The `sv` bottom rows of the input matrix become
the `sv` top rows of the output matrix, and the `sh` rightmost columns
become the `sh` leftmost columns.

#### See also

### blkdiag

Block-diagonal matrix.

#### Syntax

use stdlib X = blkdiag(B1, B2, ...)

#### Description

`blkdiag(B1,B2,...)` creates a block-diagonal matrix with matrix blocks
`B1`, `B2`, etc. Its input arguments do not need to be square.

#### Example

use stdlib blkdiag([1,2;3,4], 5) 1 2 0 3 4 0 0 0 5 blkdiag([1,2], [3;4]) 1 2 0 0 0 3 0 0 4

#### See also

### compan

Companion matrix.

#### Syntax

use stdlib X = compan(pol)

#### Description

`compan(pol)` gives the companion matrix of polynomial `pol`,
a square matrix whose eigenvalues are the roots of `pol`.

#### Example

use stdlib compan([2,3,4,5]) -1.5 -2.0 -2.5 1.0 0.0 0.0 0.0 1.0 0.0

#### See also

### corrcoef

Correlation coefficients.

#### Syntax

use stdlib S = corrcoef(X) S = corrcoef(X1, X2)

#### Description

`corrcoef(X)` calculates the correlation coefficients of the
columns of the m-by-n matrix `X`. The result is a square
n-by-n matrix whose diagonal is 1.

`corrcoef(X1,X2)` calculates the correlation coefficients of `X1`
and `X2` and returns a 2-by-2 matrix. It is equivalent to
`corrcoef([X1(:),X2(:)])`.

#### Example

use stdlib corrcoef([1, 3; 2, 5; 4, 4; 7, 10]) 1 0.8915 0.8915 1 corrcoef(1:5, 5:-1:1) 1 -1 -1 1

#### See also

### cumtrapz

Cumulative numeric integration with trapezoidal approximation.

#### Syntax

use stdlib S = cumtrapz(Y) S = cumtrapz(X, Y) S = cumtrapz(X, Y, dim)

#### Description

`cumtrapz(Y)` calculates an approximation of the cumulative integral of
a function given by the samples in `Y` with unit intervals.
The trapezoidal approximation is used. If `Y` is neither
a row nor a column vector, integration is performed along its columns. The
result has the same size as `Y`. The first value(s) is (are) 0.

`cumtrapz(X,Y)` specifies the location of the samples.
A third argument may be used to specify along which dimension the integration
is performed.

#### Example

use stdlib cumtrapz([2, 3, 5]) 0 2.5 6.5 cumtrapz([1, 2, 5], [2, 3, 5]) 0 2.5 14.5

#### See also

### fftshift

Shift DC frequency of FFT from beginning to center of spectrum.

#### Syntax

use stdlib Y = fftshift(X)

#### Description

`fftshift(X)` shifts halves of vector (1-d) or matrix (2-d) `X`
to move the DC component to the center.
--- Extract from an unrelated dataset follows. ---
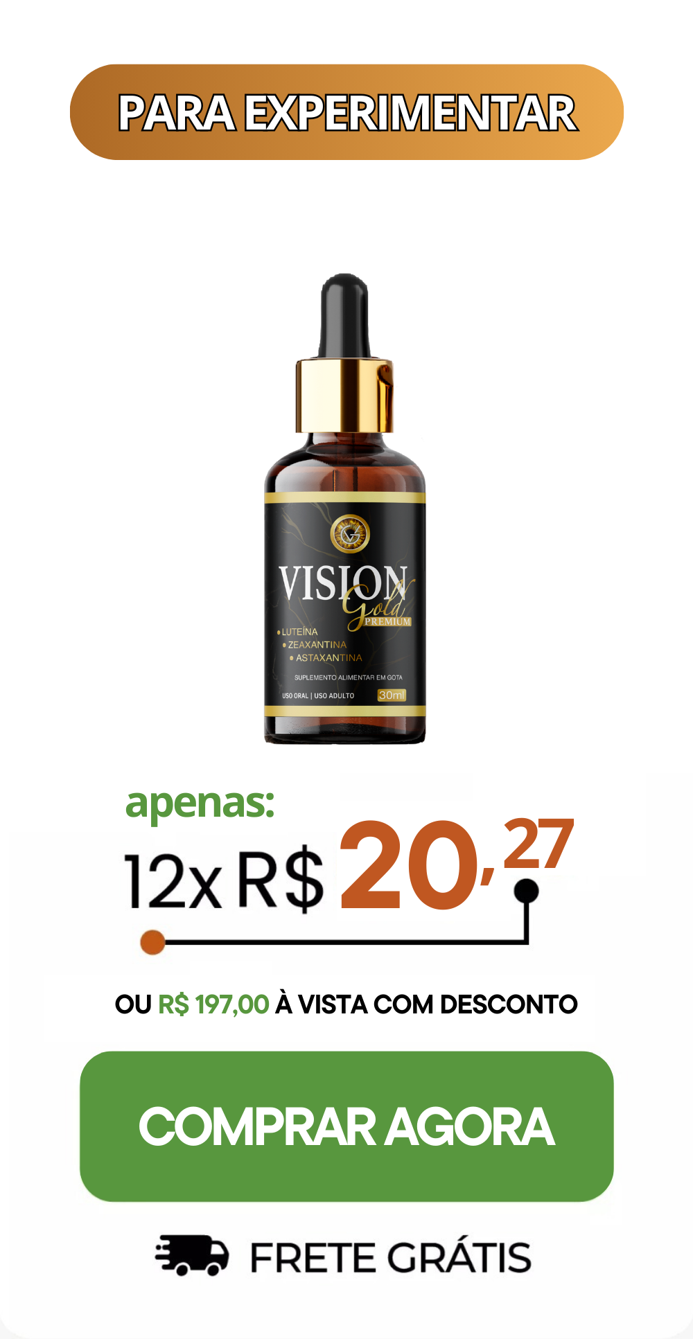 O Vision Gold é simples de incorporar na sua rotina, você toma 12 gotas da nossa fórmula abaixo da língua, apenas uma vez ao dia, preferencialmente pela manhã em jejum.

It should be used after `fft`
or `fft2`.

#### See also

### filter2

Digital 2-d filtering of data.

#### Syntax

use stdlib Y = filter2(F, X) Y = filter2(F, X, shape)

#### Description

`filter2(F,X)` filters matrix `X` with kernel `F`
with a 2-d correlation. The result has the same size as `X`.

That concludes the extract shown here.